Time takes the entire nation to the doctor
The December 1 issue of Time features an in-depth assessment of American’s health. I was very excited to pick up this issue and see how exactly the mainstream media rates our health and what they consider to be the biggest challenges to a healthier America.
First and foremost, I have to commend Time for basically dedicating an entire issue to the state of American health. The mainstream media always features “hot” health topics and major medical advances. However, they rarely take a step back to look at the bigger picture and consider the whole of our health care system. The scope of Time’s main article does a very good job of hitting the major topics.
Unfortunately, some glaring omissions are made in their assessment of American health and our health care system.
1) Reimbursement Structure
I can’t really fault Time too much for failing to discuss the exciting world of physician reimbursement in the American health care system. It’s complicated and necessitates quite a bit of boring history to understand why it is the way it is. Unfortunately, Time completely misses this topic when it discuss what it considers to be the biggest problem in the US health care system–lack of preventive medicine.
Perhaps the biggest reason preventive medicine is appallingly absent from most medical practices is because the payers (Medicare, Medicaid, and private insurers) don’t pay doctors adequately for providing such care. Unfortunately, doctors don’t get paid to talk to patients, they get paid to do things to patients. It is much more profitable for a doctor to DO something (like putting a stent in an artery) than TALK about something (like why diet and exercise are so important for preventing heart disease). Our current payment system is based on procedures done, thus doctors want to do procedures in order to receive payment. This means preventive medicine is largely left out because preventing disease usually doesn’t involve doing a procedure.
2) Medical Education
Several problems exist in our current system for educating future doctors. The biggest, however, has to be how much debt medical students must take on just to complete their education. The average medical student debt load at graduation is currently around $140,000. Although the general public may not consider this a problem because of the high wages doctors generally command, it is an ever increasing problem because it is driving more and more into high paying specialities.

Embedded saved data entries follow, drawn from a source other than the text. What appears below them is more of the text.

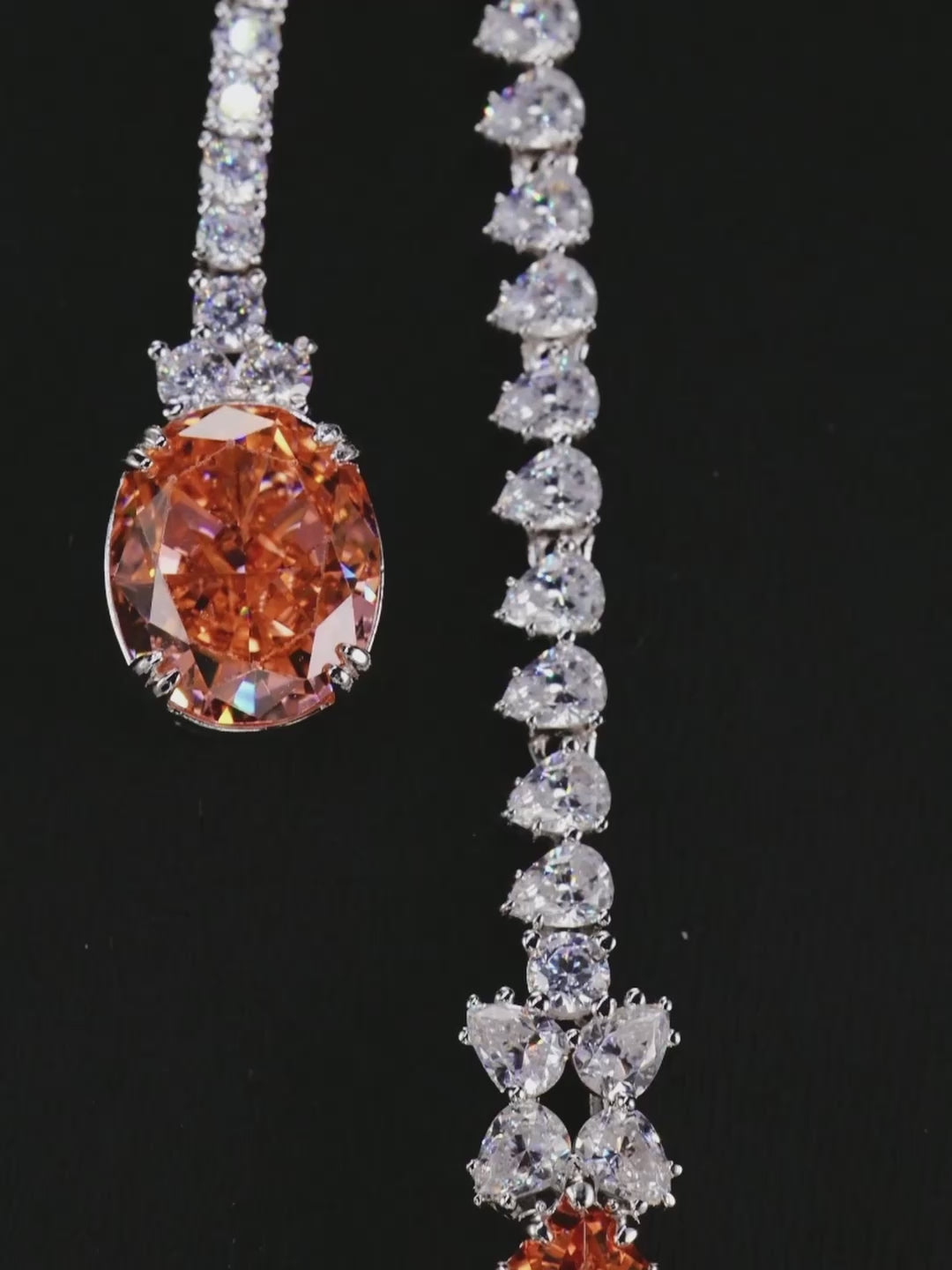 This Necklace dazzles with a vibrant mix of orange and icy white stones. Crafted in 18k white gold-plated silver, its sculptural silhouette and radiant sparkle make it perfect for striking, statement-making style.
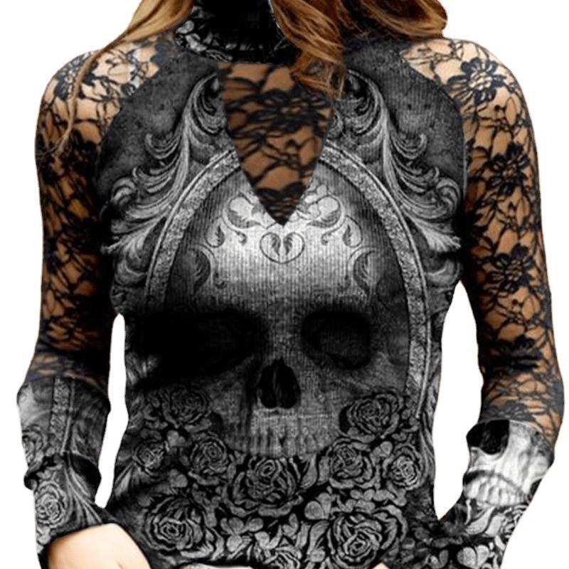 Женская кружевная футболка с высоким воротом и черепом и цветочным принтом, готические модные топы с длинными рукавами и полыми рукавами
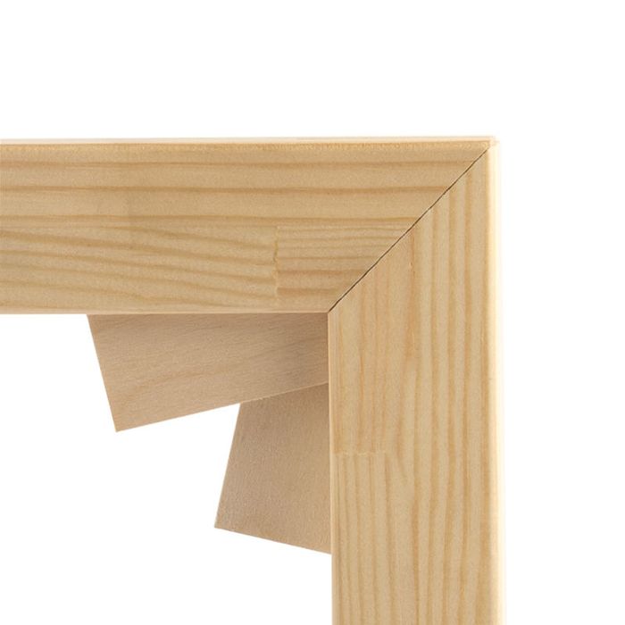 Het frame wordt vervolgens handgemaakt van FSC-gecertificeerd hout, evenals de spielatten en wiggen. Wanneer de onderdelen klaar zijn, spannen we handmatig het canvas op het frame, zodat we keer op keer het beste resultaten bereiken.
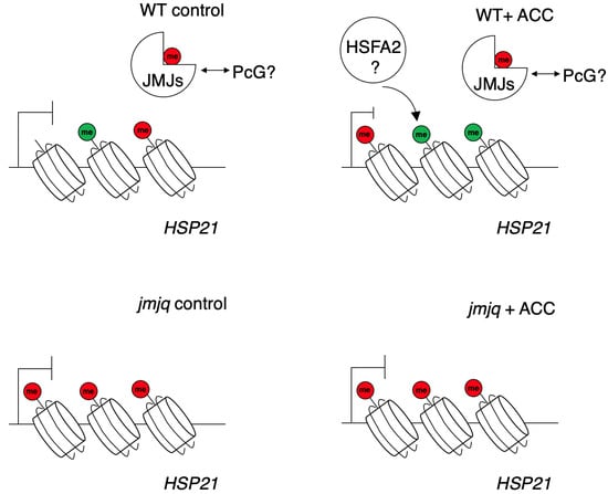 A previous study showed differences in phenotypic severity between jmjq mutants and higher-order hsp17.6c hsp22 double mutants []. Acclimation defects in jmjq mutants were stronger than in hsp17.6c hsp22 mutants. This result suggested that JMJ downstream genes other than HSP17.6C and HSP22 must exist for heat acclimation. In this study, we found that HSP21 could be such a target. It will be worthwhile to create hsp17.6c hsp22 hsp21 triple mutants to confirm the role of HSP21 during heat acclimation. Furthermore, the rescue of jmjq mutants by overexpressing HSP21 could reveal the importance of HSP21 upregulation in response to heat. JMJs mediate a balance between H3K27me3 and H3K4me3 at the HSP21 locus through proper maintenance of H3K27me3 removal during heat acclimation. In Arabidopsis, Arabidopsis trithorax (ATX) proteins play key roles [,,]. Elucidating the molecular mechanisms by which H3K4me3 levels at HSP21 are controlled by ATXs remains an exciting challenge for the future.
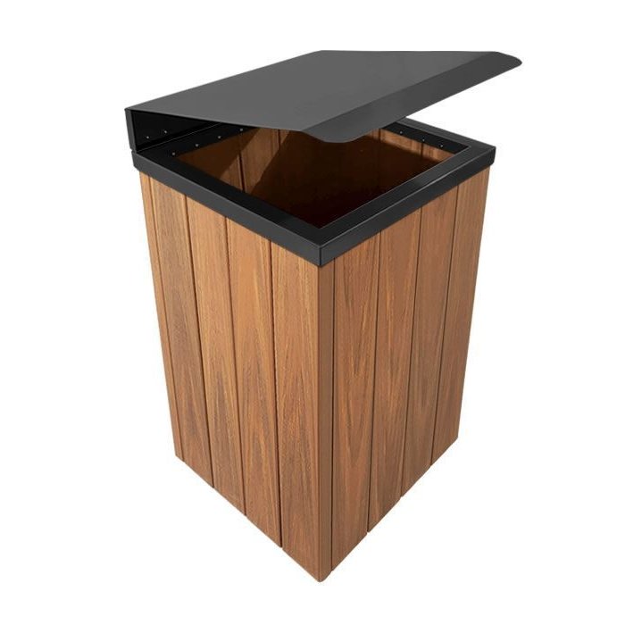 Lixeira de Madeira Plástica Ecológica com Tampa Basculante - Preta - 96 L Ipê
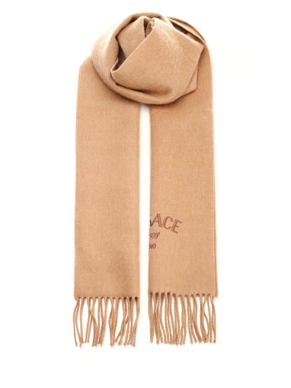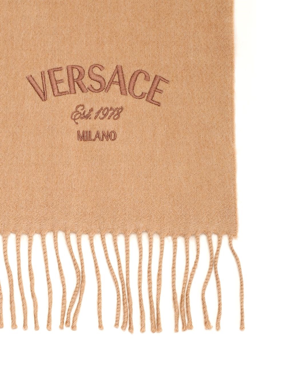 SKU B4507806 Wool scarf from Versace, with fringes at the ends and embossed Versace Milano Stamp logo. COD. 1013625_1A099931KF70

So what? We have more specialists, why is that a problem? Well, going back to the reimbursement problem, specialists largely perform procedures for specific conditions. They also tend to overtreat patients with basic problems because they are used to seeing complex conditions during their training. More specialists means fewer primary care physicians who are the primary providers of preventive medicine. This means less preventive medicine, more procedures, and ultimately greater cost.
Another large problem with our medical education system is capacity. We are currently facing a large doctor shortage. Although medical schools are expanding capacity, they are not keeping up with demand, especially as our nation ages. This means fewer doctors for an expanding patient base. As Massachusetts has demonstrated, too few doctors means long waits to see a physician, leading to more complex disease states and higher cost of care when people do get in to see their physician. This problem will be further exacerbated as health care reform plans provide insurance for more patients.
The Time article fails to even mention the critical role medical education plays in the health of our nation.
Although Time mentions cost in several places, it fails to critically evaluate why costs are so high. As I’ve already pointed out, our reimbursement structure is one big reason why costs are so high. Perhaps the second biggest reason costs are so high has to do with how health care consumers are insulated from the true costs of their care. Most consumers of medical services in the United States have health insurace. This means that instead of paying the $120 a typical doctor’s visit may cost, they pay a $10 copay and monthly health insurance premiums. Since patients don’t pay those costs directly out of their pocket at the time of service, there is no incentive for judicious use of medical services. If a patient tweaks their knee in the annual family Thanksgiving football showdown, why not go to the doctor and get a MRI? A more direct payment system–such as those with high deductible insurance plans coupled with health savings accounts–may lead to lower utilization of medical services. Unfortunately, this is a very complex problem due to what economists call the “asymmetry of information” inherent in health issues. It’s difficult for an individual to know exactly when he or she should go to the doctor for a tweaked knee or stay home and ice it simply because individuals lack the expertise to make that judgment. That’s exactly what they pay doctors for.
These three issues represent only the biggest issues missed by Time. Our health care system is extremely complex and many other factors affect American’s health. As I said before, I commend Time for drawing attention to the health care policy issues facing America. I hope in the future, as health care reform takes center stage in our country, the mainstream media will take on more in-depth analysis of this issues and directly address the three I’ve mentioned here.